Trail veterans share their experiences.
Stretching from the wilds of Maine all the way down to sunny Georgia, the Appalachian Trail brims with magic and lore. Countless hikers hop on and off portions of the trail, content to spend a day or a week taking in a bit of its majesty. But for “thru-hikers,” those hardy souls who make it their mission to trek the entire 2,200 miles from end to end, a deeper knowledge is required. That’s where trail guides come in.
Thousands of volunteers pitch in each year, to keep the trail shored up and clear of debris, to ensure wildlife habitats along the trail can thrive, and to help thru-hikers achieve their dreams of making it all the way. Their assistance can come in the way of a friendly bit of encouragement. Sometimes, it involves a replenishing of snacks and other supplies. But it also comes in the form of sharing wisdom, which the volunteer trail guides have in spades.
In North Carolina, we caught up with a couple of the Appalachian Trail’s savviest volunteers to reap the benefits of their collective knowledge. They’ve seen their share of experiences on the trail, both the highs of peak achievement and the inevitable hardships. Luckily, these guys were as generous with their time as they would be for any thru-hiker; we were lucky to pick their brains.
Skip Sheldon is a fly fisherman, a grouse hunter, a father of two grown sons, and a retiree in his mid-70s. He also has an abundance of character and is one of the Appalachian Trail’s most dedicated volunteers. One thing he isn’t? A thru-hiker.
No need for glory
“I was going to [hike the whole trail], then I retired and got into trail maintenance. I realized that going home to a hot meal and shower at the end of the day isn't all that bad. Now, I don't think I'm ever gonna thru-hike it. Ain't gonna happen.”
The “flip flop”
“When you’ve got 6- or 7,000 hikers going in the same direction at around the same time, that overstresses the trails, the facilities — the whole woods. What they're encouraging now is, you should start at Harpers Ferry, the theoretical midpoint of the trail, and hike down to Georgia. Then you would turn around and head to Maine and hike back down to Harpers Ferry. Or vice versa, or whatever variation you can think of. That's called a flip flop. If people do different sections at different times, it helps relieve the trails.”
Three types of hikers
“I’m going to generalize here, but there are three general groups hiking the AT. There’s the young folks, where it’s basically a six-month moving party. They hike together, go to town together, get drunk together, sing and so forth. There’s been an ungodly number of marriages from kids meeting on the trail.

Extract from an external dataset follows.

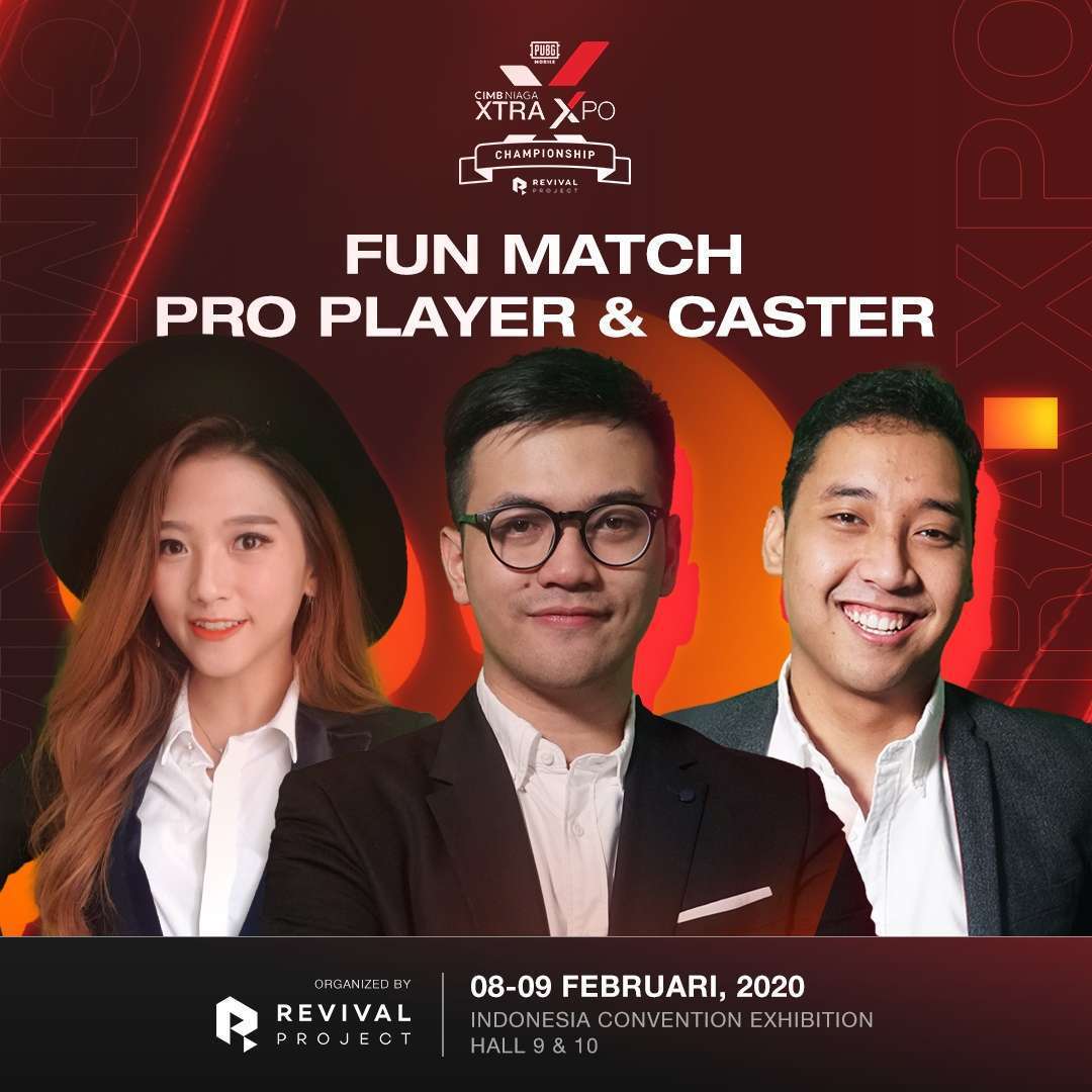Hadir dengan 16 tim PUBG Mobile terbaik di Indonesia, CIMB Niaga Xtra Xpo PUBG Mobile Championship tentunya juga diisi dengan shoutcaster yang sudah tidak asing lagi. Kornet, Ranger Emas, dan Clara Mongstar bakal bakal bertindak sebagai caster yang bakal menemani di dalam game sementara Pulung dan Brenda bakal memandu jalannya turnamen nanti.

The second group, say 30 years old to their late 50s, something has happened in their life. Could be divorce, death of a child, loss of a job, health issue — something happened to throw them for a loop. They need time to get their head straight, get their life back on track. Lot of those folks on the trail.
The third group is the old retired people. They've wanted to do it their whole life but couldn't because of kids, jobs, what have you. Those are frequently couples in their 60s or 70s, having a ball. Lot of ‘em don't make it all the way because they're in no particular hurry. We met one gal on our section in July; she was 80-something, just lovin’ it.”
Wear and tear
“It's hard on the body! You're carrying a 25- or 30-pound pack, hiking all those miles each day, just pounding those joints. You slip on a branch, twist your ankle — it's tearing your body up. And lots of the thru-hikers are trying to make good time. You can't sit out a rainstorm if you're gonna make it to Maine, but it takes a toll.”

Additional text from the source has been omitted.